Les princes de Sambalpur, d’Abir Mukherjee

Publié le par Yan

C’est, il faut dire, avec joie que l’on retrouve le capitaine Sam Wyndham et son adjoint, le sergent Satyendra Banerjee, à Calcutta, fusse pour les voir échouer à empêcher l’assassinat du prince héritier du petit royaume de Sambalpur. Une affaire d’autant embarrassante qu’avec d’autres dignitaires de divers États indiens, le fils du maharaja devait signer un accord avec le vice-roi des Indes, renforçant ainsi un peu l’emprise sur le sous-continent d’un Empire britannique en butte à de plus en plus fortes velléités d’émancipation des Indiens.
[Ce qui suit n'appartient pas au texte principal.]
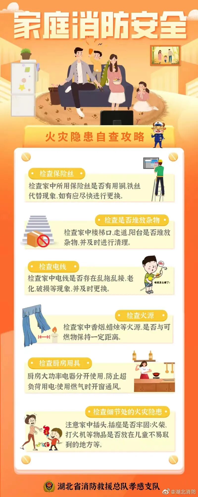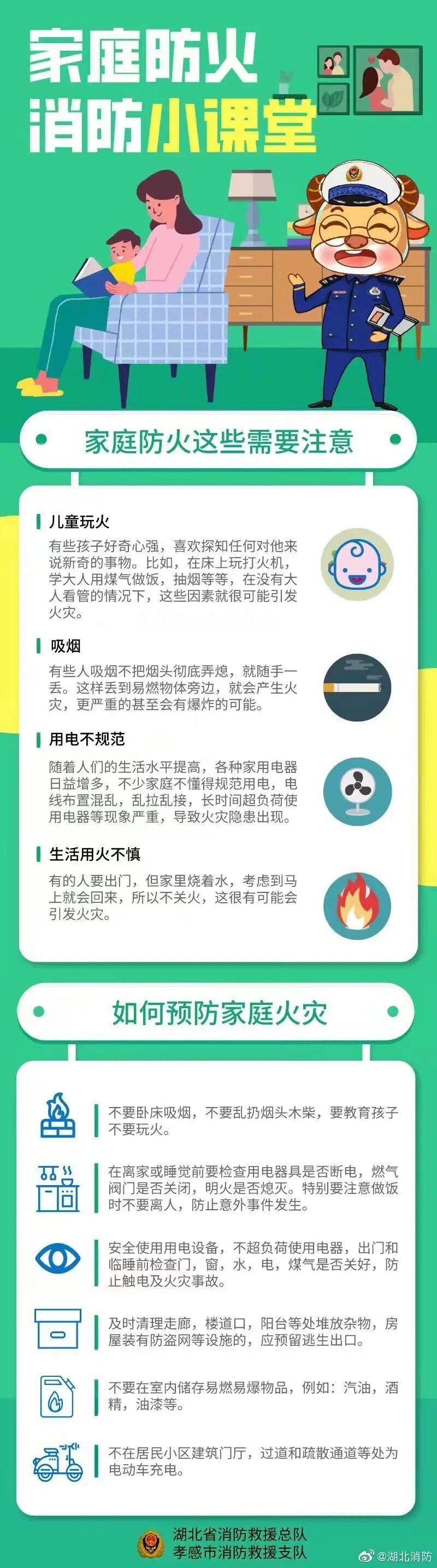 近期,学生们陆续放假或开始居家在线学习,恰逢过年用火、用电、用气量增大,火灾隐患增加,为做好这一特殊时期的消防安全宣传教育工作,切实增强家长和学生们的消防安全素质和自防自救能力,孝感市教育局联合孝感市消防救援支队提醒您,居家学习生活不能忽视家庭消防安全,要清除火灾隐患,远离火灾危害: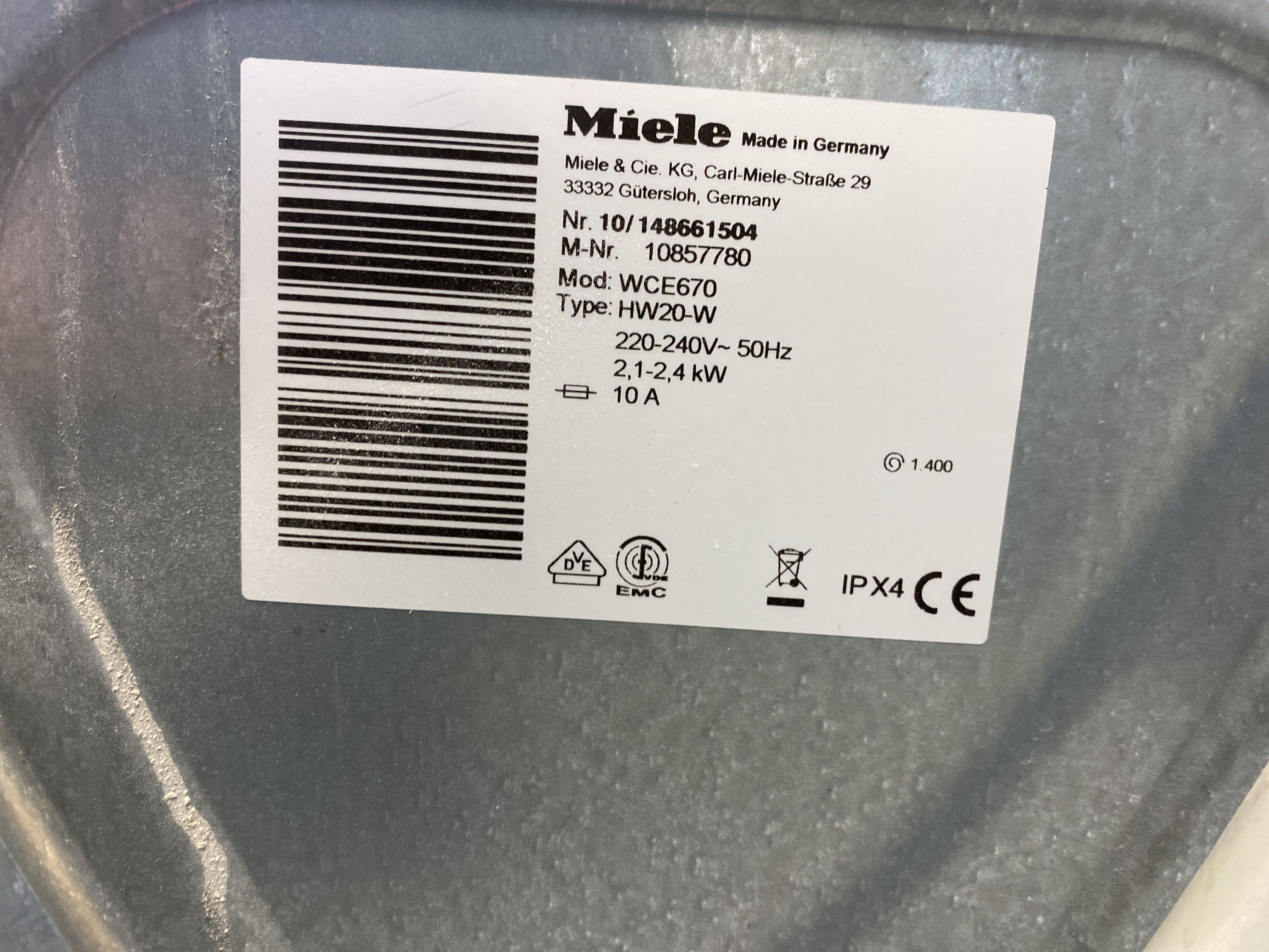 Washing machine, Miele, WCE670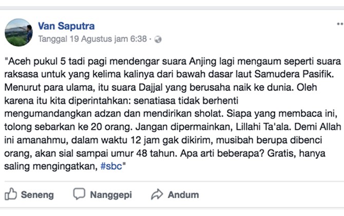Kabar palsu suara dajal terdengar di Aceh sebenarnya beredar sejak dua tahun lalu. Hingga 19 Agustus 2017, masih ada yang menyebarkannya melalui Facebook. Isinya, warga Aceh mendengar lolongan anjing yang mengaum mirip suara raksasa dari dasar laut Samudra Pasifik.

Autant dire que Wyndham, toujours par ailleurs taraudé par son addiction à l’opium et à la belle Annie, se trouve alors sur la sellette et qu’il convient pour lui de redorer son blason. L’assassin est-il, comme on le soupçonne, un fanatique religieux ? Ou un complot politique est-il à l’œuvre à Sambalpur ?

Du train du départ alors qu’arrive la mousson jusqu’à un chasse au tigre à dos d’éléphant en passant par les couloirs du palais de Sambalpur, le harem bruissant de rumeurs ou les marches du temple de Jagannath, Abir Mukherjee nous immerge de nouveau dans l’Inde coloniale des années 1920 et c’est un plaisir.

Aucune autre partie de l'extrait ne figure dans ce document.